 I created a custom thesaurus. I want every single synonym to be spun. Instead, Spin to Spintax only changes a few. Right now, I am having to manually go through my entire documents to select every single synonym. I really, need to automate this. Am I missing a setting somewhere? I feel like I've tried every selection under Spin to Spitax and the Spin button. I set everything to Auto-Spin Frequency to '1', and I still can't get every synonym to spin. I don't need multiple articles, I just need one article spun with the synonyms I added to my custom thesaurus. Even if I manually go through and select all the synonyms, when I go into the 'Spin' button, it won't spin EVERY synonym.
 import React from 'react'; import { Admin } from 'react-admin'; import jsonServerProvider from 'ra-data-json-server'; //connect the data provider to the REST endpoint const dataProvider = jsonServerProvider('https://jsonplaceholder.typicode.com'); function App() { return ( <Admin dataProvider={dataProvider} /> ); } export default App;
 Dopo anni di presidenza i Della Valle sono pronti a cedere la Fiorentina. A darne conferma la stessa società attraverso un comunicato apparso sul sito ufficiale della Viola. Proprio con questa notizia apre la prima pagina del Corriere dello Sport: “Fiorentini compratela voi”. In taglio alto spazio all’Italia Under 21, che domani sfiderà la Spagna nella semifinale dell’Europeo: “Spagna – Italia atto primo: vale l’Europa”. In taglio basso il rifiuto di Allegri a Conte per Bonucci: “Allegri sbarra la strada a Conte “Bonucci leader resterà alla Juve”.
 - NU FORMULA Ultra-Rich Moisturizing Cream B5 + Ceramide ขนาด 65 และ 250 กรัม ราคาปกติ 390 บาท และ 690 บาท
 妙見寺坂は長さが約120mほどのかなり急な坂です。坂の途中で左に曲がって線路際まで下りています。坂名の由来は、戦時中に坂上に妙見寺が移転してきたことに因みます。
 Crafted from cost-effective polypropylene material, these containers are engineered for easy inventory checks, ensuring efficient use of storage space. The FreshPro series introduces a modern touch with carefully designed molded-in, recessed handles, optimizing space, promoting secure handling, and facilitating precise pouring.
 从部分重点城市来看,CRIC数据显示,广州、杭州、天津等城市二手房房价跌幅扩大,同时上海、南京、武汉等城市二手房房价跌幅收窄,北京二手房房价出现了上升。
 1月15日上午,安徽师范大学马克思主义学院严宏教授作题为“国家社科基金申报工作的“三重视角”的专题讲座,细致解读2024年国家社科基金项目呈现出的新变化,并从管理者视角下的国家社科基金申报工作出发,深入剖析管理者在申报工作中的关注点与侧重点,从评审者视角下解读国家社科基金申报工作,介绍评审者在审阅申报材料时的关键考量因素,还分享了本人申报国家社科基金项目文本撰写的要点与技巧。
────────────────────────────────────────
Nothing in the records may be altered; restate them word for word.

Reply to the task:
 I created a custom thesaurus. I want every single synonym to be spun. Instead, Spin to Spintax only changes a few. Right now, I am having to manually go through my entire documents to select every single synonym. I really, need to automate this. Am I missing a setting somewhere? I feel like I've tried every selection under Spin to Spitax and the Spin button. I set everything to Auto-Spin Frequency to '1', and I still can't get every synonym to spin. I don't need multiple articles, I just need one article spun with the synonyms I added to my custom thesaurus. Even if I manually go through and select all the synonyms, when I go into the 'Spin' button, it won't spin EVERY synonym.
 import React from 'react'; import { Admin } from 'react-admin'; import jsonServerProvider from 'ra-data-json-server'; //connect the data provider to the REST endpoint const dataProvider = jsonServerProvider('https://jsonplaceholder.typicode.com'); function App() { return ( <Admin dataProvider={dataProvider} /> ); } export default App;
 Dopo anni di presidenza i Della Valle sono pronti a cedere la Fiorentina. A darne conferma la stessa società attraverso un comunicato apparso sul sito ufficiale della Viola. Proprio con questa notizia apre la prima pagina del Corriere dello Sport: “Fiorentini compratela voi”. In taglio alto spazio all’Italia Under 21, che domani sfiderà la Spagna nella semifinale dell’Europeo: “Spagna – Italia atto primo: vale l’Europa”. In taglio basso il rifiuto di Allegri a Conte per Bonucci: “Allegri sbarra la strada a Conte “Bonucci leader resterà alla Juve”.
 - NU FORMULA Ultra-Rich Moisturizing Cream B5 + Ceramide ขนาด 65 และ 250 กรัม ราคาปกติ 390 บาท และ 690 บาท
 妙見寺坂は長さが約120mほどのかなり急な坂です。坂の途中で左に曲がって線路際まで下りています。坂名の由来は、戦時中に坂上に妙見寺が移転してきたことに因みます。
 Crafted from cost-effective polypropylene material, these containers are engineered for easy inventory checks, ensuring efficient use of storage space. The FreshPro series introduces a modern touch with carefully designed molded-in, recessed handles, optimizing space, promoting secure handling, and facilitating precise pouring.
 从部分重点城市来看,CRIC数据显示,广州、杭州、天津等城市二手房房价跌幅扩大,同时上海、南京、武汉等城市二手房房价跌幅收窄,北京二手房房价出现了上升。
 1月15日上午,安徽师范大学马克思主义学院严宏教授作题为“国家社科基金申报工作的“三重视角”的专题讲座,细致解读2024年国家社科基金项目呈现出的新变化,并从管理者视角下的国家社科基金申报工作出发,深入剖析管理者在申报工作中的关注点与侧重点,从评审者视角下解读国家社科基金申报工作,介绍评审者在审阅申报材料时的关键考量因素,还分享了本人申报国家社科基金项目文本撰写的要点与技巧。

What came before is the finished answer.